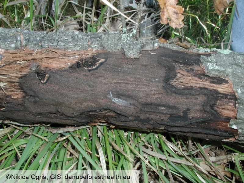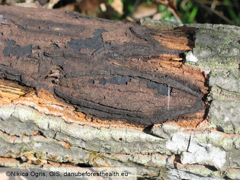The endophytic presence of this fungus in living bark enables it to quickly enter the stressed tissues of the host and destroy them. The leaves in the coppice turn brown. Bark dies off in strips. Next year the bark begins to crack and falls off in June (Fig. 1). In summer a conidial stage may be produced, consisting of a pinkish-grey layer on the wood. In August the first perithecial stromata are observed in bark cracks on tree trunks and branches (Fig. 2). The fruiting bodies are flat, black, slightly convex, ellipsoid, and elongate stromata. Next spring a large number of stromata on the bark of dead trees develop; more than hundred of them can be found on a single tree and they can merge together forming a large stroma (up to 36 cm or more in length) (Fig. 3).
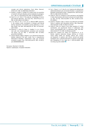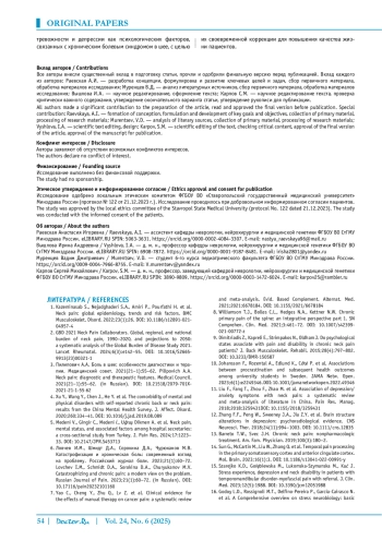 Заключение. Понимание важности психосоциального пути возникновения и хронизации боли в шее имеет большое значение для определения профилактических мероприятий, а также оптимальных стратегий управления болью в клинической практике. Мы подчеркиваем необходимость раннего выявления тревожности и депрессии как психологических факторов, связанных с хроническим болевым синдромом в шее, с целью их своевременной коррекции для повышения качества жизни пациентов.
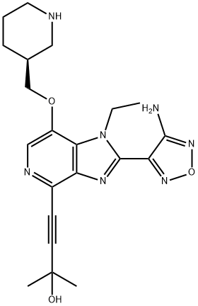 英文名稱:4-[2-(4-Amino-1,2,5-oxadiazol-3-yl)-1-ethyl-7-[(3S)-3-piperidinylmethoxy]-1H-imidazo[4,5-c]pyridin-4-yl]-2-methyl-3-butyn-2-ol CAS號:937174-76-0 分子式:C21H27N7O3 分子量:425.48
^^^^^^^^
__WHAT IS NEEDED__
Retype the full listing above precisely. Exclude each picture you find in it.

__EXERCISE OUTPUT__
The endophytic presence of this fungus in living bark enables it to quickly enter the stressed tissues of the host and destroy them. The leaves in the coppice turn brown. Bark dies off in strips. Next year the bark begins to crack and falls off in June (Fig. 1). In summer a conidial stage may be produced, consisting of a pinkish-grey layer on the wood. In August the first perithecial stromata are observed in bark cracks on tree trunks and branches (Fig. 2). The fruiting bodies are flat, black, slightly convex, ellipsoid, and elongate stromata. Next spring a large number of stromata on the bark of dead trees develop; more than hundred of them can be found on a single tree and they can merge together forming a large stroma (up to 36 cm or more in length) (Fig. 3).
 Заключение. Понимание важности психосоциального пути возникновения и хронизации боли в шее имеет большое значение для определения профилактических мероприятий, а также оптимальных стратегий управления болью в клинической практике. Мы подчеркиваем необходимость раннего выявления тревожности и депрессии как психологических факторов, связанных с хроническим болевым синдромом в шее, с целью их своевременной коррекции для повышения качества жизни пациентов.
 英文名稱:4-[2-(4-Amino-1,2,5-oxadiazol-3-yl)-1-ethyl-7-[(3S)-3-piperidinylmethoxy]-1H-imidazo[4,5-c]pyridin-4-yl]-2-methyl-3-butyn-2-ol CAS號:937174-76-0 分子式:C21H27N7O3 分子量:425.48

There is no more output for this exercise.